Set in a New York prison, we meet Lucius, a serial killer waiting for extradition to Florida, where his killing spree started and where the death penalty exists. He has a benevolent guard Charlie in his solitary 23-hour lock up wing. Much younger Angel is awaiting trial for a shooting. He’s moved to the same wing for his own protection after an assault. Charlie leaves and the far from benevolent Valdez is sent to persecute them. The only other character is Angel’s lawyer Mary Jane who visits intermittently to discuss defence strategy and tactics.

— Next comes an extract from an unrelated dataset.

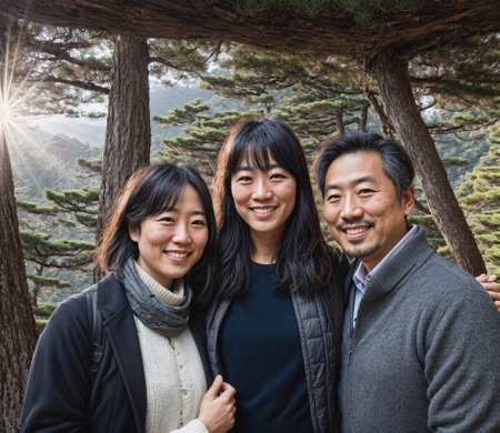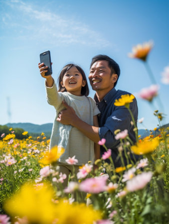 Generative AI : other and baby daughter photographing selfie themselves by mobile phone in summer

The discussions between Lucius and Angel are the heart of the piece as we debate responsibility & accountability and redemption. We learn about the prisoners’ motivations and personal histories in what becomes a psychological sparring match. How much do the actions of the victims justify the crime? How much does a tragic past excuse a crime? It’s played out on a traverse stage with moving glass walls / doors with blinding lighting and deafening drums between scenes to keep up the tension. It shocks, though there are flashes of humour that relieve the tension. and your brain almost hurts as you decide what you think about these people and their actions. I found it riveting.

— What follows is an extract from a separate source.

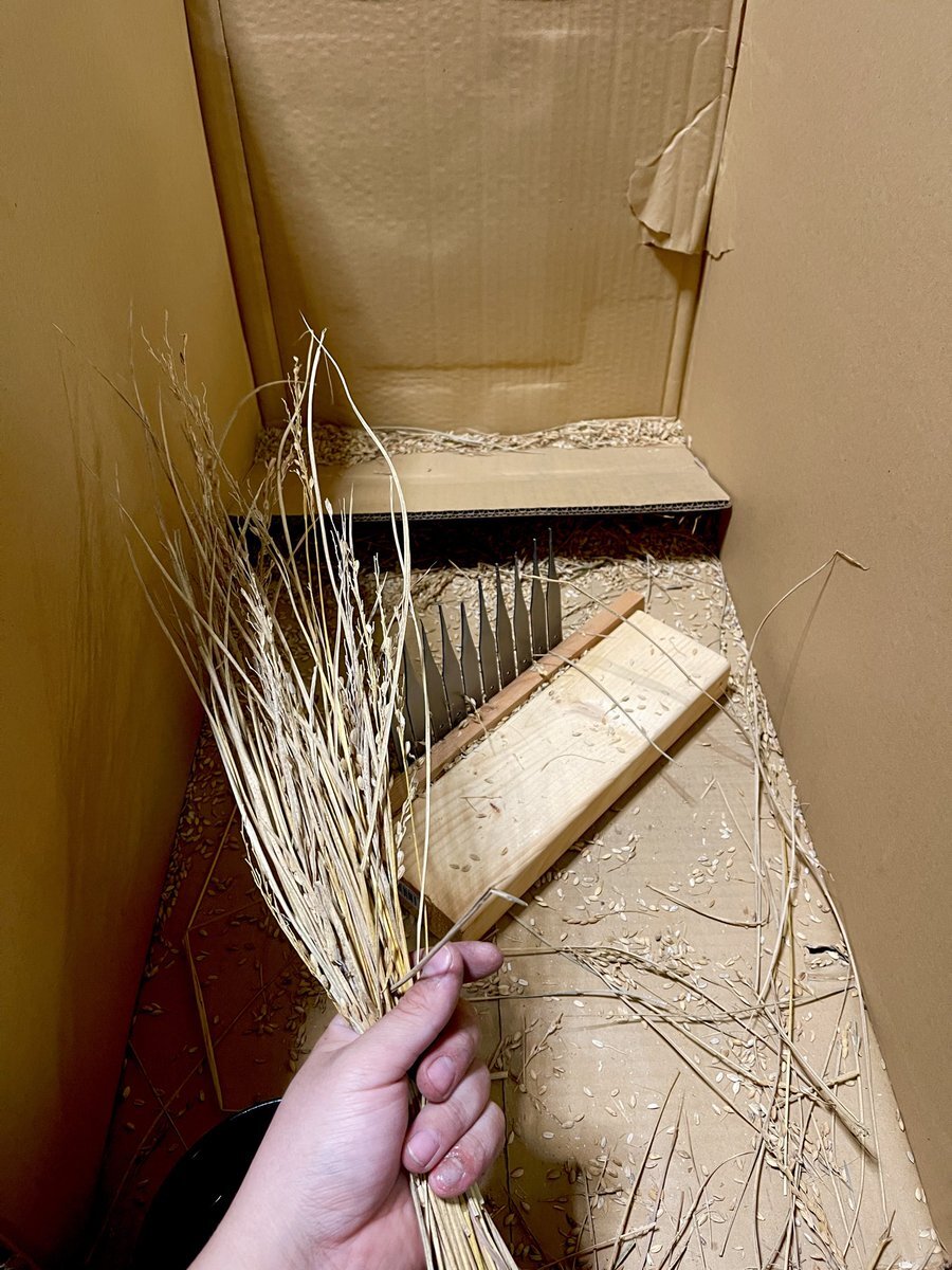【脱穀完了】自作千歯こぎで6.5kgのお米を取り出せた。収量は260kg/反で慣行農法の550kgには届かないけど有機農法でこの量は割と良い方かと。熟す前に台風で倒れたからそれがなかったらもっと行ってた。 #アナグラ米 #稲作 #屋根栽培 pic.x.com/FqTTd10ylv

Oberon K A Adjepong (a very welcome visitor from the US) as Lucius and Ukweli Roach as Angel are mesmerising to watch, with great physicality, spitting out dialogue at frenetic speed. Dervla Kirwan is excellent as the Irish American lawyer Mary Jane who we learn a surprising amount about. Joplin Sibtain is terrific as their nemesis Valdez, prodding and provoking them for fun. Matthew Douglas’ Charlie is such a contrast, and comes back to surprise us towards the end.

Director Kate Hewitt and designed Magda Willi have done an excellent job creating the tension which the play needs. Yet more thrilling stuff at the Young Vic.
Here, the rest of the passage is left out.